··· Supplied data
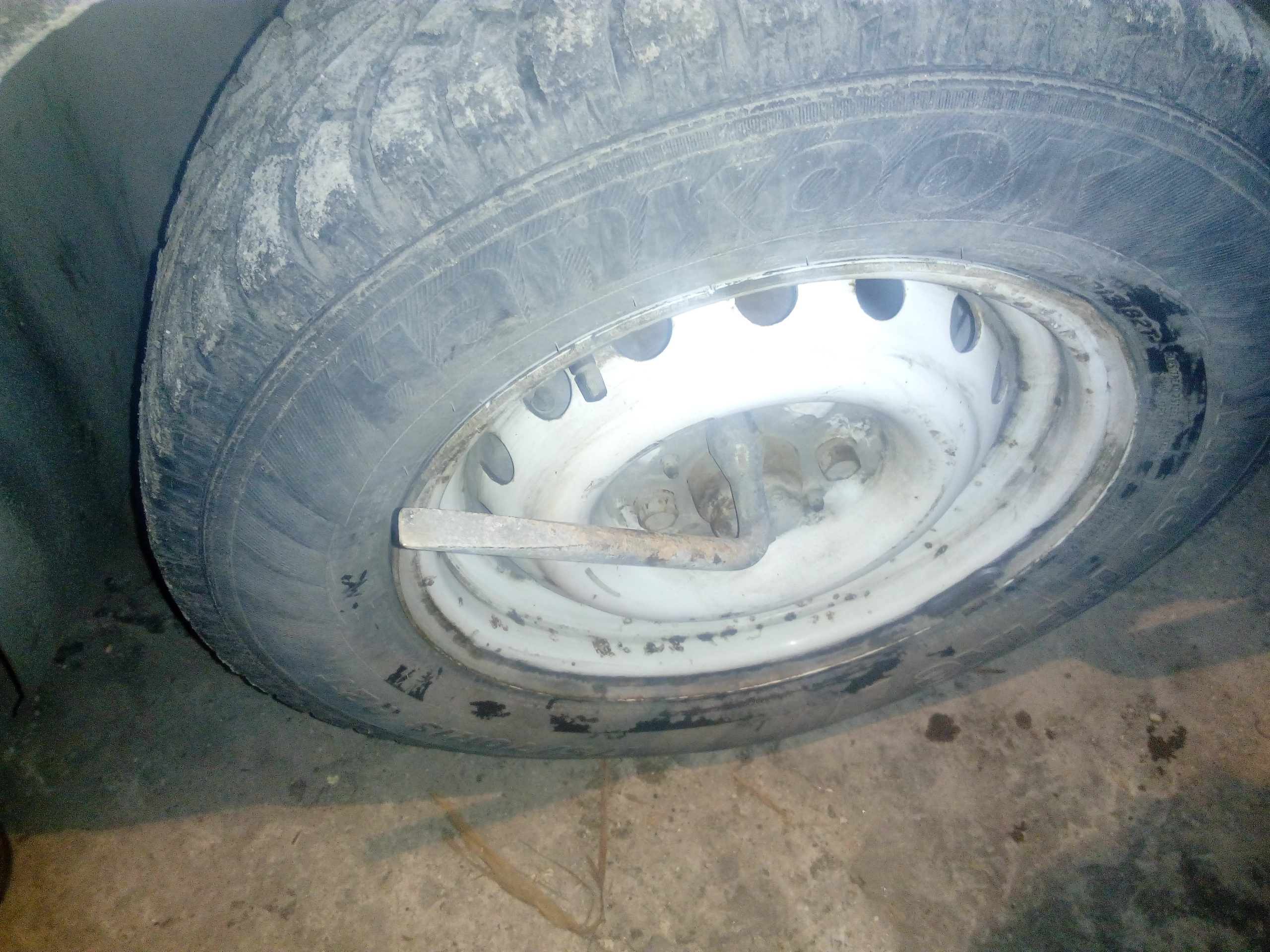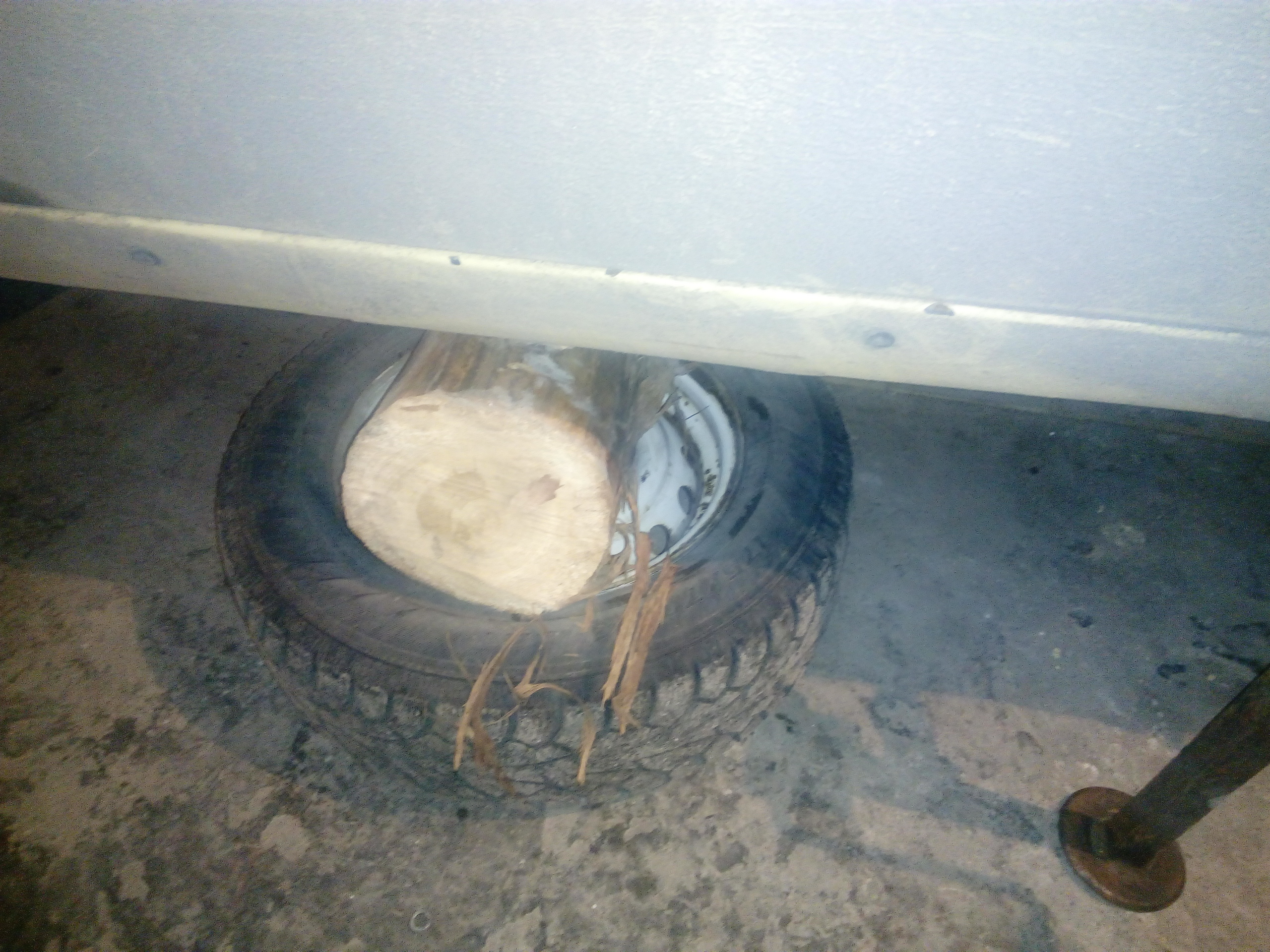 - Подкладываем колесо и бревно(любой другой предмет который выдержит нагрузку автомобиля.
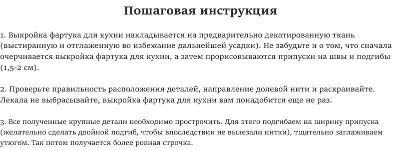 Чтобы упростить вам задачу, приведем пошаговую инструкцию по шитью фартука:
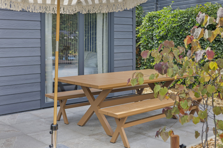 - Rummelig terrasse (delvist overdækket) med loungesæt
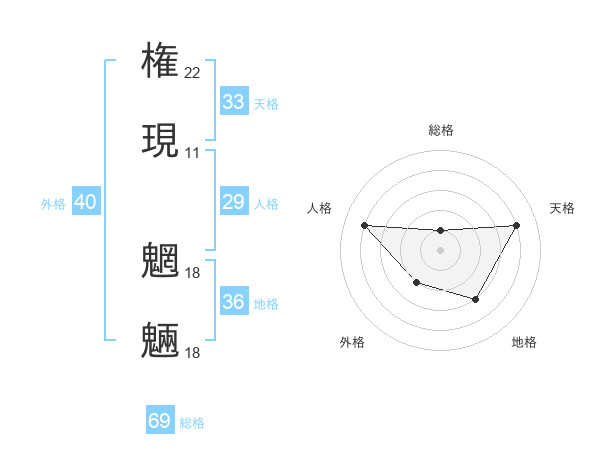 権現 魍魎さんの総格は69画の1点!
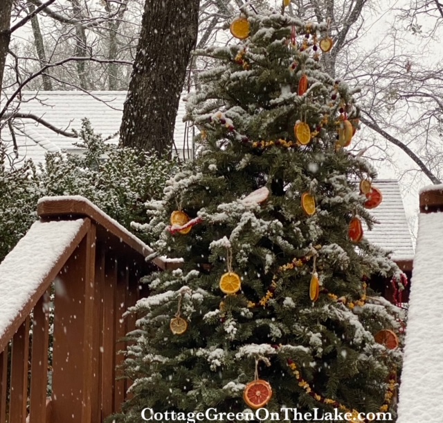 Everything for the next day was done; the fruit ornaments and festoons of popcorn strands were hung. A winter feast awaited my feathered friends and the only thing needed was the predicted and unaccustomed snow for our area in East Texas.
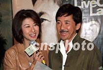 實力派歌星林子祥11日在香港舉行「最愛接觸林子祥演唱會」記者會,其妻葉倩文在記者會上為林子祥打氣。演唱會于7月26-28日在香港紅館舉行。中新社圖 鄧慶樂 攝
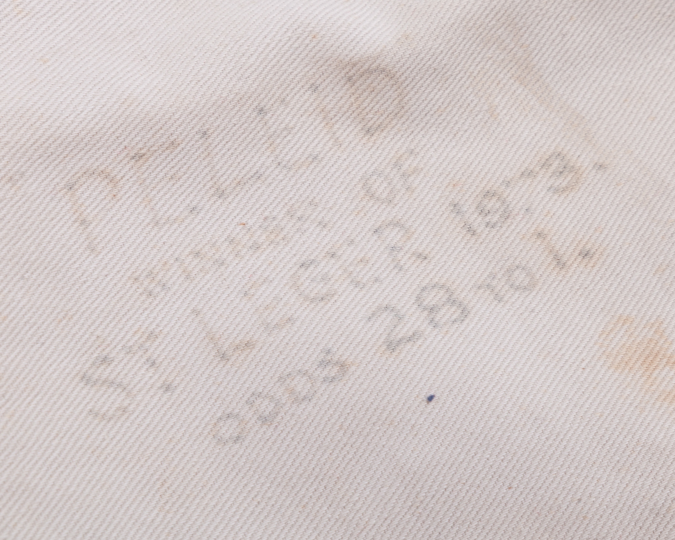 white cloth with black numbering, hand inscribed with race details
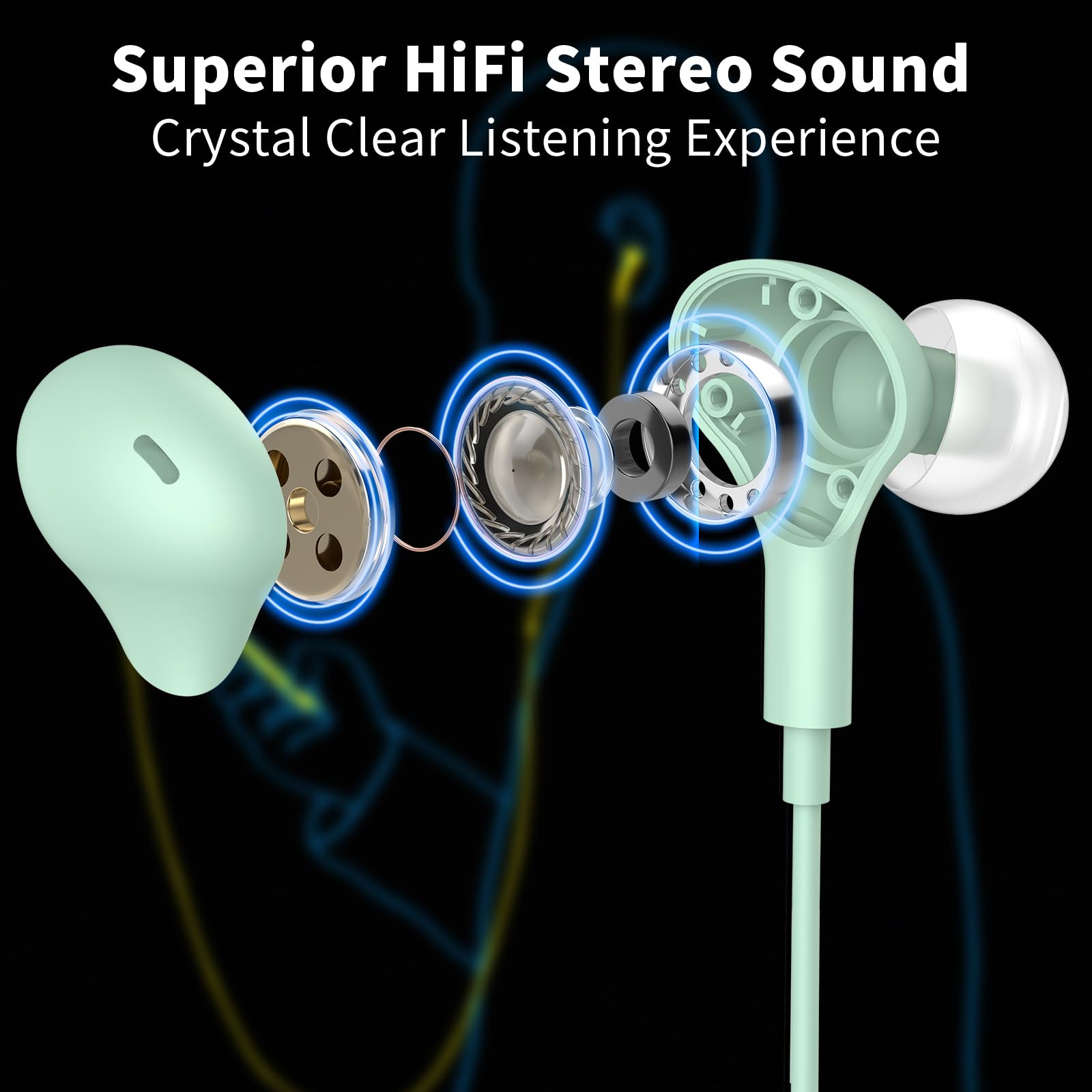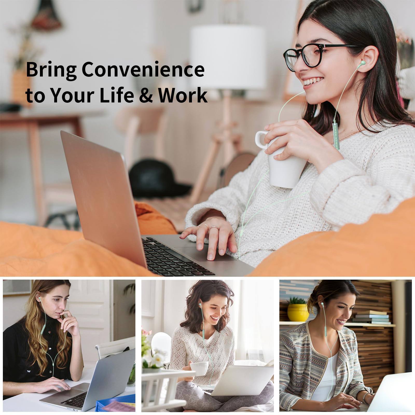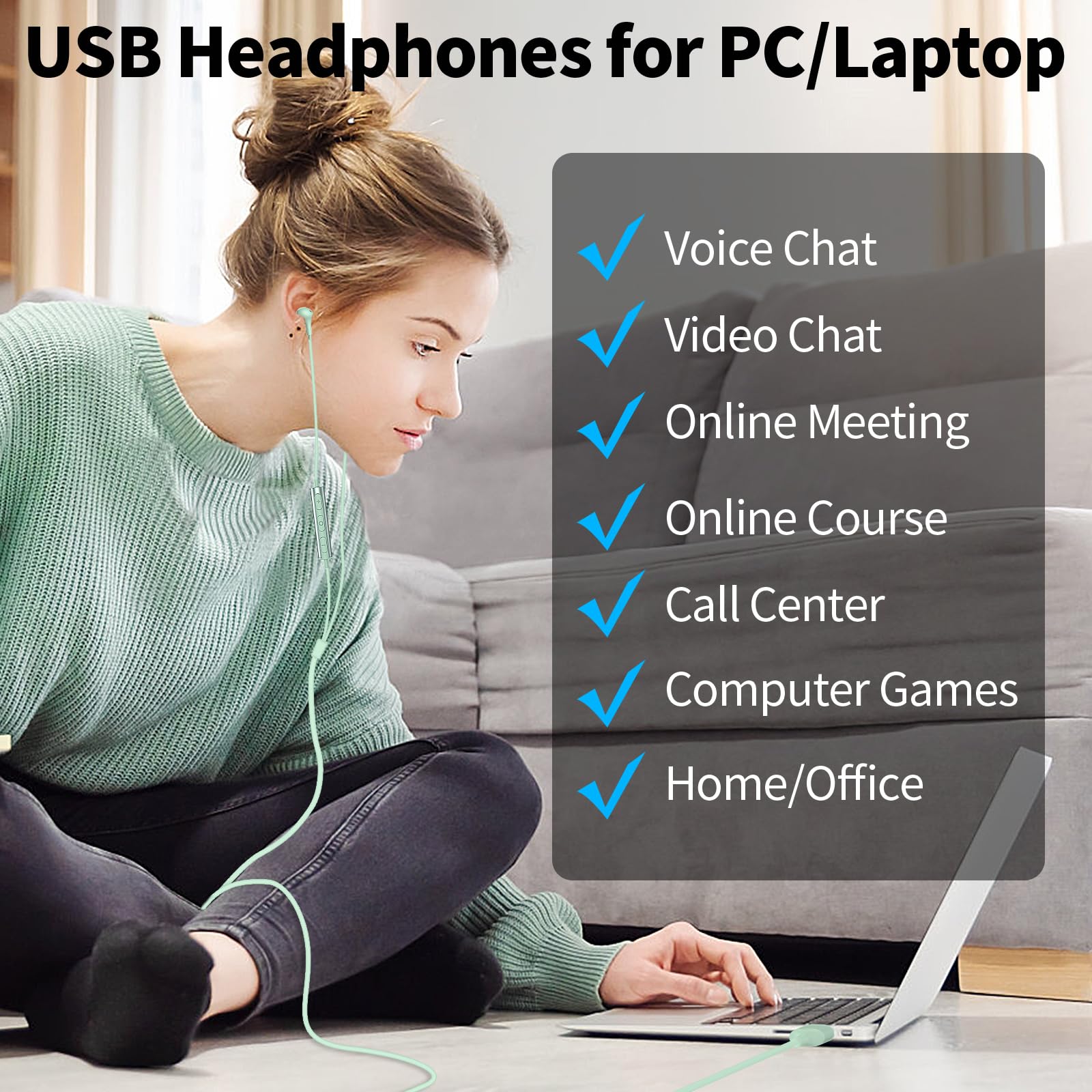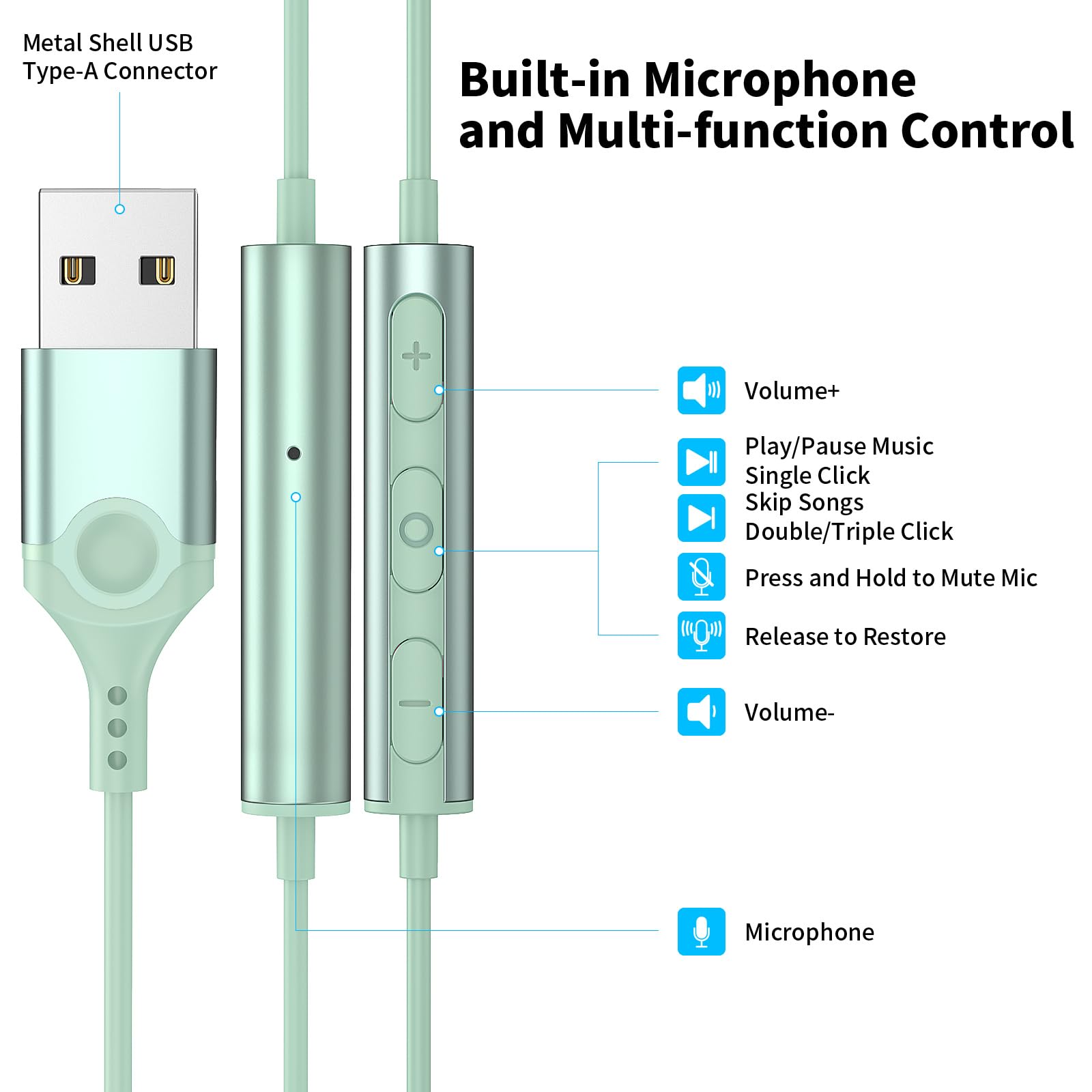 Lovely Look and Long Lasting: The USB earbuds for laptop designed as green color with alloy housing plug and button, which looks lovely and very suitable for your lovely girls, girl-friend or mother. The wire enhanced to thicker and made of robust TPE, the plug and button update to hard ally materail, allow to last for a long time.
······
◆ Work instructions
Treating the line with "white cloth with" as the last line to include, retype the records exactly from their first line, excluding pictures.

◆ Reply to the exercise
 - Подкладываем колесо и бревно(любой другой предмет который выдержит нагрузку автомобиля.
 Чтобы упростить вам задачу, приведем пошаговую инструкцию по шитью фартука:
 - Rummelig terrasse (delvist overdækket) med loungesæt
 権現 魍魎さんの総格は69画の1点!
 Everything for the next day was done; the fruit ornaments and festoons of popcorn strands were hung. A winter feast awaited my feathered friends and the only thing needed was the predicted and unaccustomed snow for our area in East Texas.
 實力派歌星林子祥11日在香港舉行「最愛接觸林子祥演唱會」記者會,其妻葉倩文在記者會上為林子祥打氣。演唱會于7月26-28日在香港紅館舉行。中新社圖 鄧慶樂 攝
 white cloth with black numbering, hand inscribed with race details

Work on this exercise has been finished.